We needed a system which is super fast, has great list support, provides transactions, and is simple to get up and running. For these reasons we decided to store all of our updates in Redis.
Transformation
So we now have the place to save our updates, but we still need a way to translate the Postgres database update to sync topic updates. We need some sort of transformer like in the picture above. This transformation actually ends up being very easy. We have a 300 line class which takes in query and update objects for each Postgres write and transforms those into a list of topic updates. The topic updates are then saved to Redis and then the main database updates are saved to Postgres. A simplified version of our transformer class can be seen below.
After we had built the features and functionality described above, Asynchronous Polling Sync was finished. That left us the time to prioritize and build Pub/Sub Sync when it became appropriate.
Pub/Sub Sync
The main difference between Asynchronous Polling Sync and Pub/Sub Sync is that Pub/Sub Sync replaces the Asynchronous Polling loop with a Pub/Sub service.
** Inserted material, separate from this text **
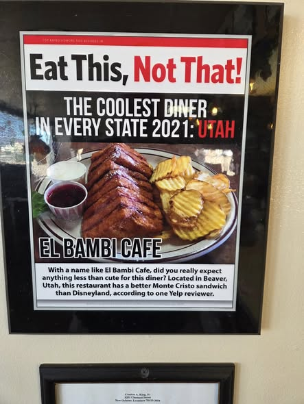 KILROY BREAKFAST RESTAURANT MINI REVIEWS. EL BAMBI, BEAVER, UTAH, 11 November 2025.
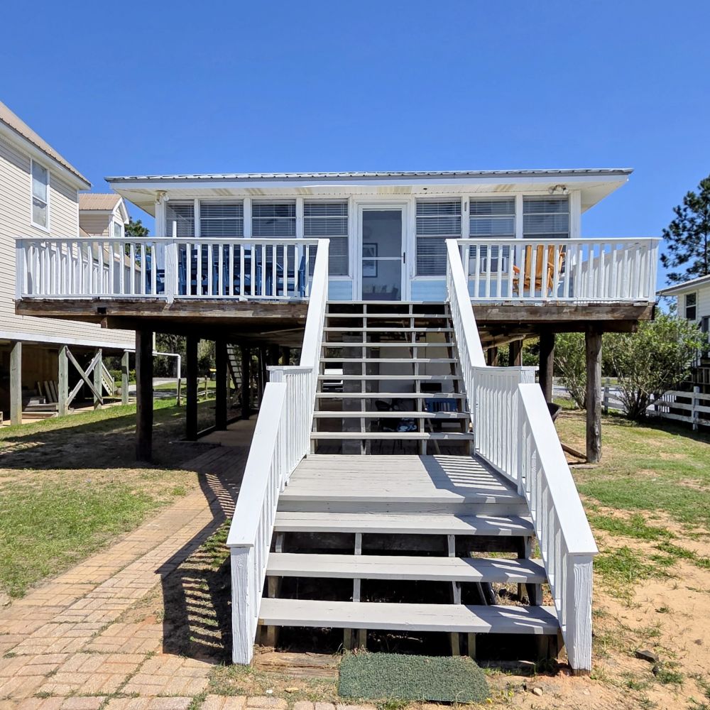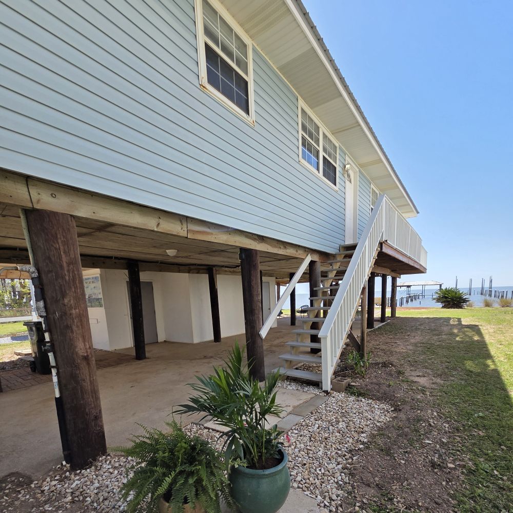 • Home is elevated on pilings – one flight of stairs required (no elevator/lift)

All other parts of the system remain the same. This allows the devices to receive updates near instantaneously. Once again there are two pieces to consider when we built out Pub/Sub Sync, the algorithm to use for sending topic updates to the devices and how to actually build the Pub/Sub service.
Pub/Sub Algorithm
Similar to Asynchronous Polling Sync, there are many different algorithms we could use when pushing updates to the Pub/Sub service. Originally we just planned to send the full sync updates to the Pub/Sub service. This strategy ended up being suboptimal because there are times when Pub/Sub messages are dropped and not sent to the devices they were supposed to. Sending our full topic updates meant our algorithms depended on all devices receiving all sync updates. When this turned out not to be true we would then require a lot of extra complexity to handle dropped messages. Instead, we decided to just send a blank update that indicates something has changed on the topic: {changed}
. When a device receives this message, it attempts to load all updates in that topic. For each update it loads, it GETs the proper resource from our API. This algorithm adds an extra step and network call, but keeps the overall algorithm very simple.
How to send Pub/Sub system updates
We now have an algorithm we want to implement to finish up our sync system. How do we build out this Pub/Sub service to send updates? Lucky for us, after some research and thought, we were able to find a prebuilt system that could serve as our Pub/Sub service: Google’s Firebase Cloud Messaging. (Specifically FCM’s topic feature). This free system allows devices to subscribe to topics and will make sure messages sent to those topics are delivered to those devices. The system also has a bunch of nice features: storing a certain number of messages per device if an app cannot immediately be reached, a very long TTL for messages, a pretty high per topic rate limit, and seemingly no overall rate limit. This system was also very easy to integrate with from both the client and backend side. We pretty much just dropped in FCM as our Pub/Sub Service and with that our sync system was finished.
Conclusion
We have come to the end of our discussion of our new sync system. We started out with an ideal sync system and some constraints on what our system needed to be able to do. We covered the trade-offs and criteria we considered when designing our system. Finally I covered all the technologies, algorithms, and systems needed to implement a sync system incredibly close to our ideal. The full flow implementation of our system can be seen above.